Happy Reformation Day!

Things are busy today, but I cannot take my mind off this Reformation Day. It’s a day too important to let pass unmentioned.

Specifically, I am most thinking of the fallout of the Reformation. Often with the Reformation, we think about Luther with hammer in hand, denouncing the false practices of Rome. But what we often fail to remember are the major shifts that were required in the years following such a traumatic event.

What I am talking about was the dawning of a new day of Scriptural study. Sure Calvin and Luther came to understand that justification – a sinner being made right with God – came only through faith and not through any righteous merits or religion on the part of the sinner (Luke 18). But there were many, many more doctrines to hash out.

The Reformers, having been educated with a Roman Catholic background were taught “doctrine” that had been passed down from the church fathers through the centuries which had snowballed into Roman Catholic tradition and dogma. But the Reformation changed all this.

Scripture alone must determine doctrine, and while we take this for granted in Reformed circles today, this point opened up a million questions. Questions of hermeneutics – how we interpret Scripture – had to be defined. What is literal interpretation? How many interpretations of Scripture are allowed? Every doctrine passed down through the centuries now must be tested and tried before a literal interpretation of the biblical text. The study of original texts became vital – Greek and Hebrew became significant objects of study for the church. Trying to take the exegetical conclusions and formulate them into creeds and catechisms became a high priority. Commentators began working through the text and the church began discussing and debating these issues to renounce false doctrines from the past and discover new doctrines largely undiscovered in God’s Word.

For me, when I think of Reformation Day I am most reminded of men who transitioned from the classical Roman Catholic training towards a new avenue of undiscovered and undefined study of God’s Word.

The fall-out of the Reformation lives on today each time a new commentary is published seeking to discover more of God’s Word in its original languages, in the tightening of Creeds and doctrine and in our pursuit of the meaning of God’s Word in a literal interpretation of the text. This is why I celebrate Reformation Day.

Posted on October 31, 2006, in Martin Luther, Reformation Day. Bookmark the permalink. 6 Comments.

  1. I notice you drink deeply from the writings of the Puritans that the Reformers. I might suggest you read the 1-3 century Church Fathers. I believe you will find it most enlightening.

  2. My experience with the early fathers is that of an undeveloped theology largely resting upon philosophical principles. Some of the writers, like Augustine, have some good content to add, but theology does not begin developing well until post-Augustine. When you get into Calvin/Turretin and the Reformation and Post-Reformation Puritans you begin reading highly developed theology that overshadows the forefathers and sets them apart in biblical scholarship. Getting pushed deeper and deeper into the literal interpretation of Scripture is why I love the Reformers/Puritans (though I disagree in some of their conclusions).

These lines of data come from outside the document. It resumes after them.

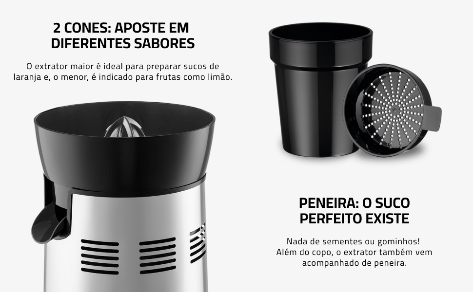 Extrator elétrico com motor 250W e sistema bivolt automático para máxima praticidade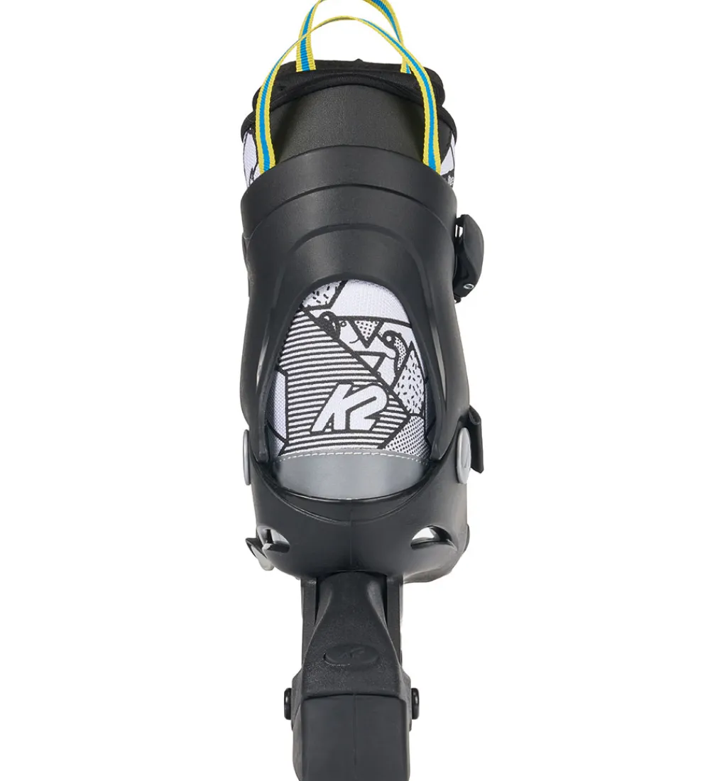 Flotte K2 rulleskøjter i hvid og sort, med gule, grønne, oange og blå hjul. Rullerskøjterne har et flot mønster som man selv kan farvelægge med de 5 medfølgende tusser.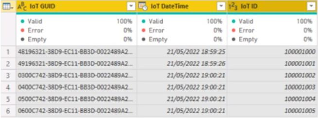 The IoT GUID and IoT ID columns are unique to each row in query.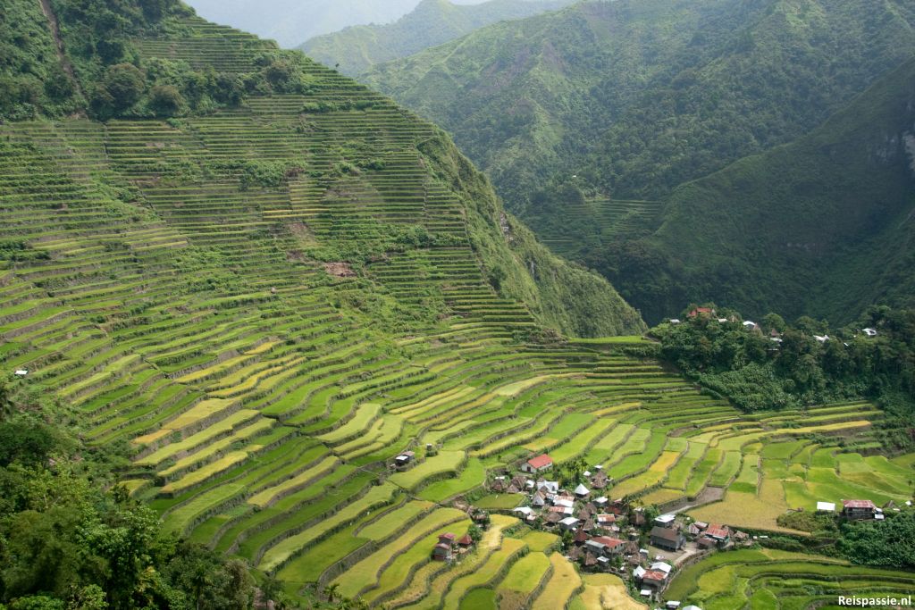 Vanaf hier is het lopen richting Batad. Een anderhalf uur door de bergen, eerst omhoog en dan het dal in richting de rijstvelden. In het dorpje aangekomen zijn de uitzichten prachtig. Vandaag is het zonnig en de veldjes kleuren van groen tot geel. Hier een uurtje bij een restaurantje op de veranda gezeten en genoten van het uitzicht en de lokale pizza. Schitterende plek, de rijstterrassen hier zijn al tweeduizend jaar oud, niet voor niets op de Unesco werelderfgoederen lijst.

    Seek truth, seek Christ. Love the God who died for sinners.

  3. Go back to the Father’s who were disciples of the apostles, like Polycarp, Ignatius, and Papias. Read Justin Martyr. Augustine is far to late, the church was corrupted by then.

    You are basing your theology on men who lived hundreds of years removed from the Lord and his Apostles. Look to the early church for guidance. Who do you think is more reliable, a man who sat at the feet of one who sat at the feet of Christ, or one who is 1500 years removed from such?

  4. Even better, John, read the apostles. The church has always been corrupted by false doctrine. Read the NT. Antiquity does not equal authenticity. Don’t fall for that line. Read the apostles, believe in a God who bled (quote from the apostle Luke) and read the apostle Paul as he renounces theological corruptions throughout Colossians, Ephesians and Romans, Timothy and Thessalonians, etc….

  5. True, antiquity does not equal authenticity, but who should we have more confidence in, men who sat at the feet of the apostles, or those who lived 1500 years later? Neither are inspired granted, but I will lay my confidence in the men like Polycarp, and Ignatius. When I compare their teachings with the Gospels, they do not contradict each other. Could it be that the fact that their teaching is contradicted by the later writers have something to do with your dismisal of them? I would suggest that you re-read Paul’s letters without the influence of reformation theology.

  6. Tony, let me say this to your credit. You have conducted yourself admirably in our discussions. I have commented on some blogs and been torn apart. You have shown love and I appreciate it!